Raise Concerns to Your Health System’s Ethics Committee
Many of these safety issues fall within the boundary of professional ethics when actions are taken to protect the health of your patients and the public. A committee decision supporting your and your colleagues’ concerns and demands may hold sway with administrators. Under certain circumstances, you may be able to approach the committee and have your identity be protected if you fear retaliation.
Consider Speaking to Your Institution’s Ombudsperson
You may be able to submit anonymous complaints if your institution has an ombudsperson. As more people from the institution use this option, the likelihood of a response increases.
Consider partnering with other local groups, including HCWs from the same area or health systems experiencing similar situations. Work with experienced community organizers to launch a letter-writing campaign to those who may be able to improve the safety situation, targeting local representatives (i.e., mayor, state legislator, congressperson, or governor).

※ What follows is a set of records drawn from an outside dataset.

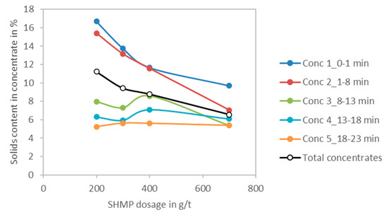 Solid content of concentrates as a function of SHMP concentration and flotation times.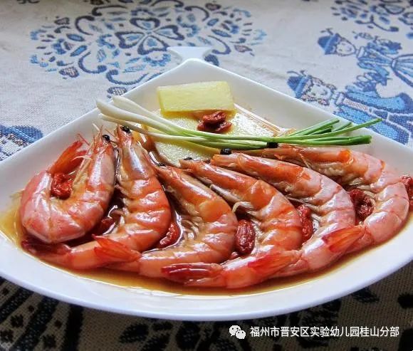 软饭、枸杞虾、鸡蛋炒丝瓜、红烧狮子头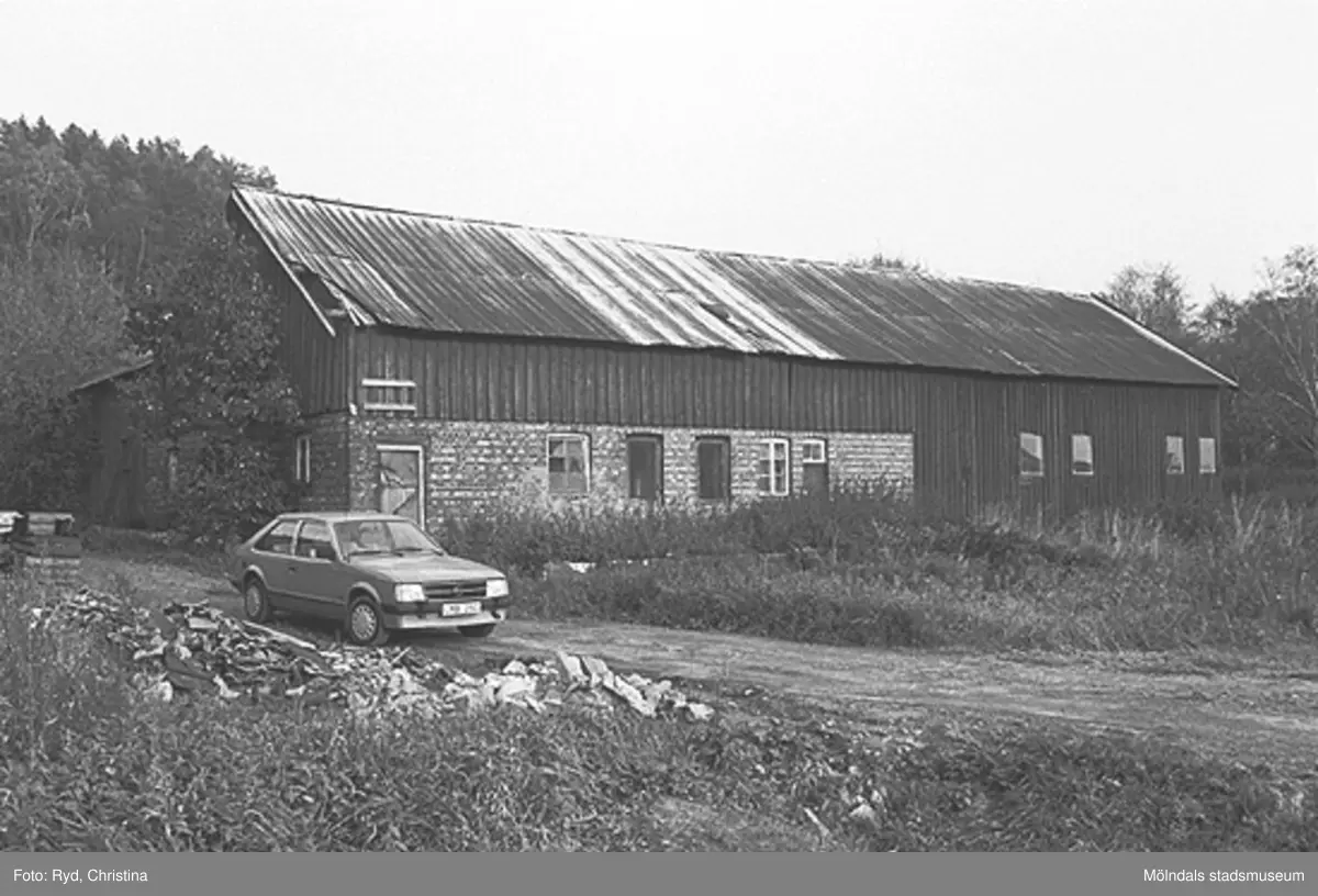 Ladugård vid Toltorpsgatan 9, mitt emot kiosk. Det står en bil parkerad utanför ladugården. Bilden är tagen under 1990-talet.

Approach Your Member Organization or Society
Many of these organizations have already issued statements supporting HCWs and their backing, national voice, and advocacy prowess may be important and useful. These can be shared with colleagues and also with managers at your institution to explain and justify your actions. Some have created databases for complaints. Contacting them will add weight to the concerns that you are raising.
Speak to the Media
You can contact reputable and trusted journalists to offer anonymous tips and provide background information. You may ask to speak “off the record” (meaning that the information you disclose cannot be reported), or “on background” (meaning that the information you disclose can be reported, but only around parameters you define, such as “according to one source in the hospital…” rather than “according to Dr. Smith in the hospital”), but make sure to mutually agree to those parameters before you speak to the reporter. You may also speak “on the record” (both the information you disclose and your name can be reported) with a reporter or publicly, but that obviously carries a greater degree of risk. Keep in mind that employers have varying policies related to speaking to the media. Before approaching or speaking to a reporter, read their past coverage to better understand their tone and reporting style. Most news outlets offer secure and confidential methods to share information (e.g. through secure messaging apps like Signal and Proton Mail). Here are a few links for well-known news organizations where you can provide news tips:
File an Official Whistleblower Complaint
Whistleblowers are individuals who decide to expose illegal or unethical activities within their institution (private or public), often where finances are at issue. Note that OSHA has its own, multiple whistleblower statutes. Whistleblowers often have special protections, but the process may at the same time carry significant risks for the whistleblower. As such, this may be a last-resort action. National Nurses United has compiled a state-by-state list of whistleblower protection laws for health care workers. There are a number of attorneys who specialize in this litigation who can advise you. Additionally, there are independent organizations who may support you if this is the path you wish to take, including:
NOTE: This document neither offers nor constitutes legal advice or legal work product and it should not be relied upon as such. Your circumstances, risks, and applicable laws may vary. When in doubt, consult an attorney who can provide you legal advice.